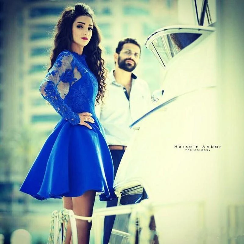 Modern Jewel Royal Blue Homecoming Dress Long Sleeve With Lace Appliques
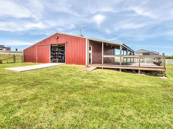 Private Lake...Check! Spectacular view... Check! 5.5+ acres with close access to Hwy 75. Large 5 year old barn with 8 inch concrete floor and electric. One story home with built-ins in the secondary bedrooms, master bedroom large enough for sitting area, two closets and built in shoe racks. Deck has been added to the barn to enjoy the lake views. Walking trail has been cleared around property.
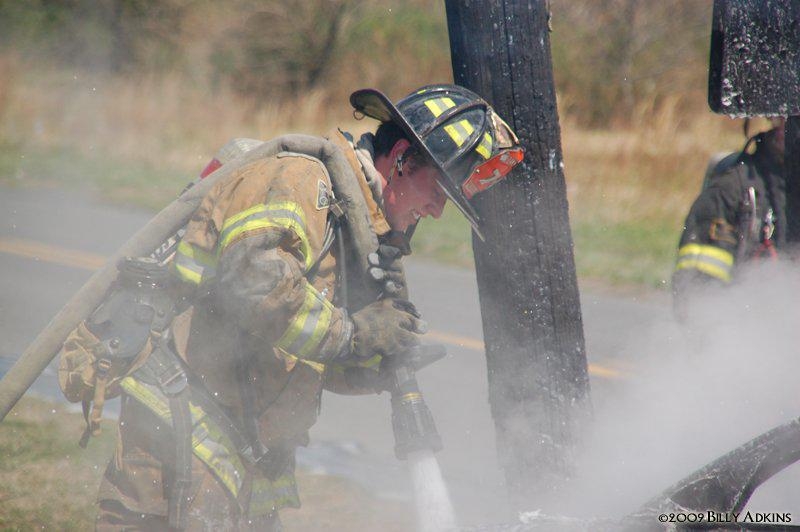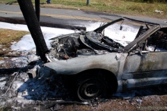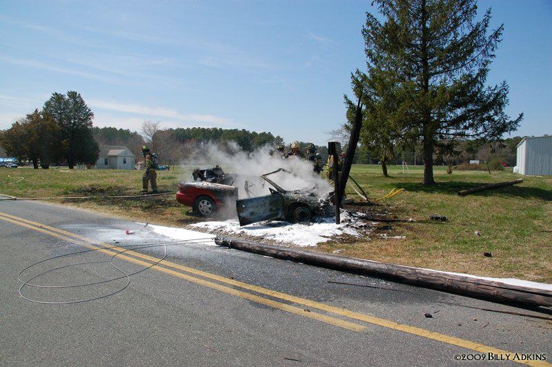 3/31/2009 – The Delmar Fire Department was alerted for a vehicle accident on Old Stage Rd just east of Rt.13. Engine 74-3 arrived to find a Chrysler Sebring fully involved after coming in contact with a utility pole. All four passengers were able to get out of the vehicle with out serious injury. Due to the utility pole breaking half way up and charged power lines on and around the car crews had to wait for the power company to arrive. Upon their arrival responders were able to extinguish the fire. Command requested 3 additional medic units to the scene to transport all four occupants to Peninsula Regional Medical Center in Salisbury Md. Units cleared the scene in about 45 minutes. Delmar Fire Police shut down Old Stage Rd during the alarm.
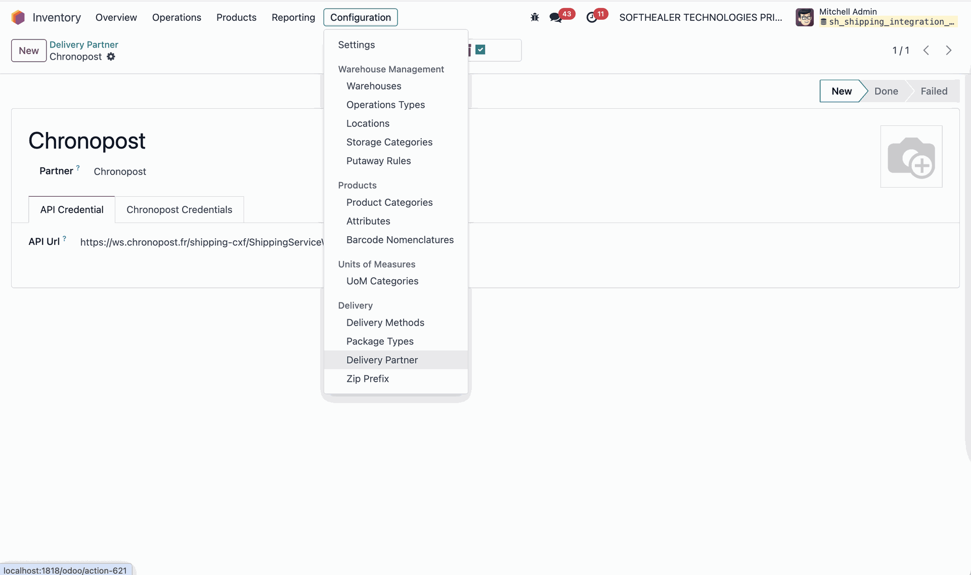 Configure the Chronopost delivery partner by entering your API credentials to establish a secure connection with Chronopost services.
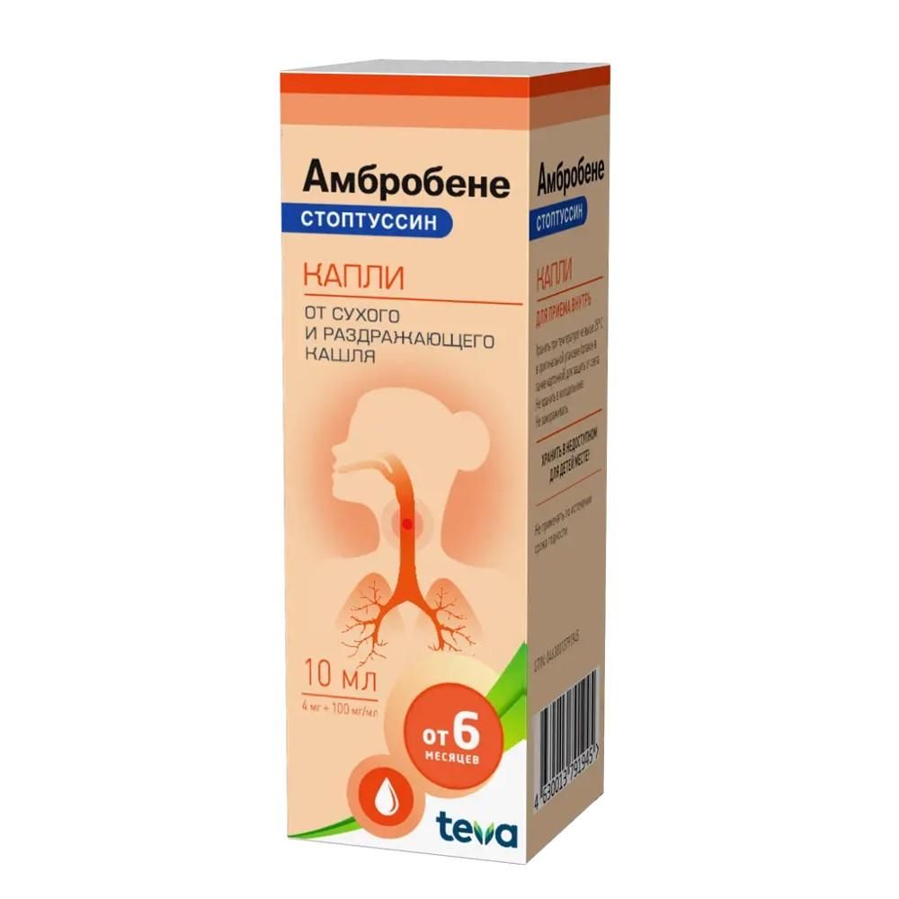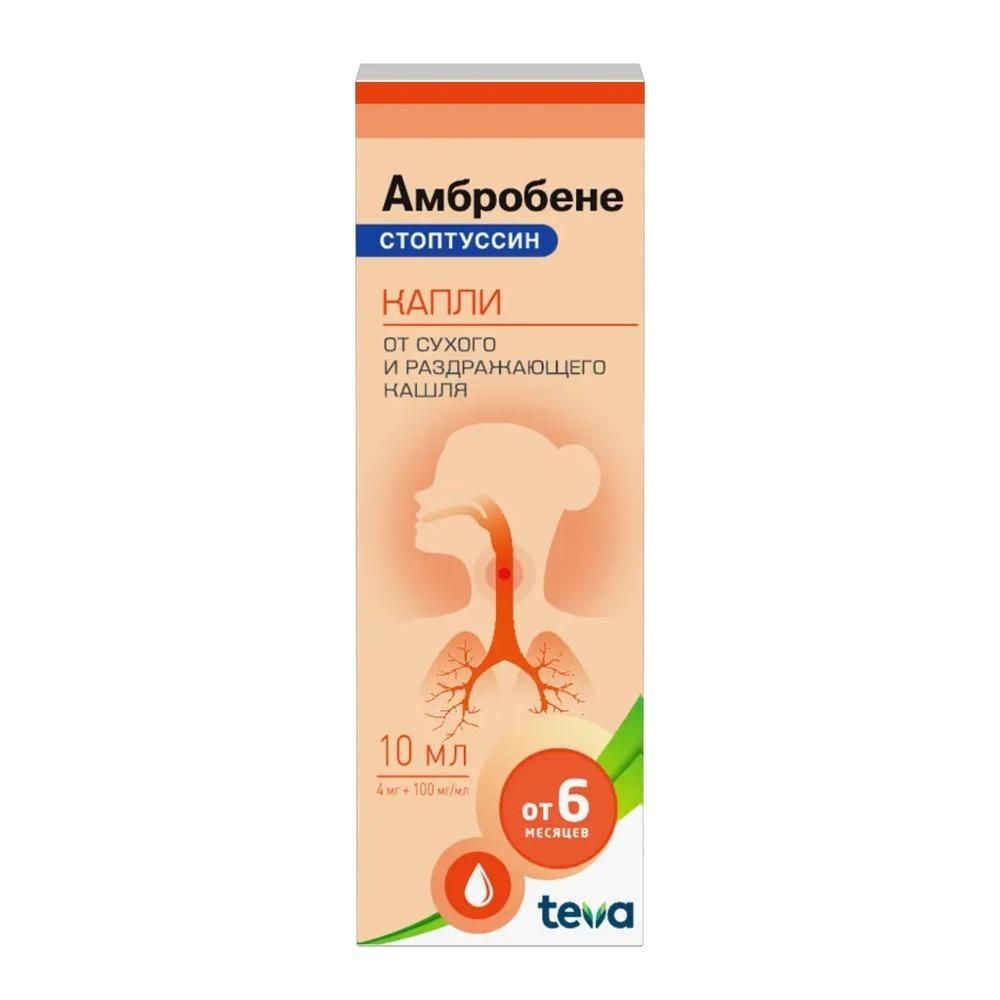 Амбробене стоптуссин 100мг+4мг/мл 10мл капли д/пр.внутр. №1 фл.-кап. по цене от 197.80 руб в Екатеринбурге, купить Амбробене стоптуссин 100мг+4мг/мл 10мл капли д/пр.внутр. №1 фл.-кап. (Teva czech industries s.r.o._2) в аптеке Фармленд, инструкция по применению, отзывы
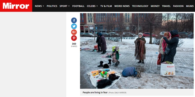«Люди живут в страхе», — говорится в подписи к одной из фотографий с масленицы, на которой изображены прохожие и уличные торговцы.

----------------

Word for word, retype all of the data above, but include no pictures.

 Modern Jewel Royal Blue Homecoming Dress Long Sleeve With Lace Appliques
 Private Lake...Check! Spectacular view... Check! 5.5+ acres with close access to Hwy 75. Large 5 year old barn with 8 inch concrete floor and electric. One story home with built-ins in the secondary bedrooms, master bedroom large enough for sitting area, two closets and built in shoe racks. Deck has been added to the barn to enjoy the lake views. Walking trail has been cleared around property.
 3/31/2009 – The Delmar Fire Department was alerted for a vehicle accident on Old Stage Rd just east of Rt.13. Engine 74-3 arrived to find a Chrysler Sebring fully involved after coming in contact with a utility pole. All four passengers were able to get out of the vehicle with out serious injury. Due to the utility pole breaking half way up and charged power lines on and around the car crews had to wait for the power company to arrive. Upon their arrival responders were able to extinguish the fire. Command requested 3 additional medic units to the scene to transport all four occupants to Peninsula Regional Medical Center in Salisbury Md. Units cleared the scene in about 45 minutes. Delmar Fire Police shut down Old Stage Rd during the alarm.
 Configure the Chronopost delivery partner by entering your API credentials to establish a secure connection with Chronopost services.
 Амбробене стоптуссин 100мг+4мг/мл 10мл капли д/пр.внутр. №1 фл.-кап. по цене от 197.80 руб в Екатеринбурге, купить Амбробене стоптуссин 100мг+4мг/мл 10мл капли д/пр.внутр. №1 фл.-кап. (Teva czech industries s.r.o._2) в аптеке Фармленд, инструкция по применению, отзывы
«Люди живут в страхе», — говорится в подписи к одной из фотографий с масленицы, на которой изображены прохожие и уличные торговцы.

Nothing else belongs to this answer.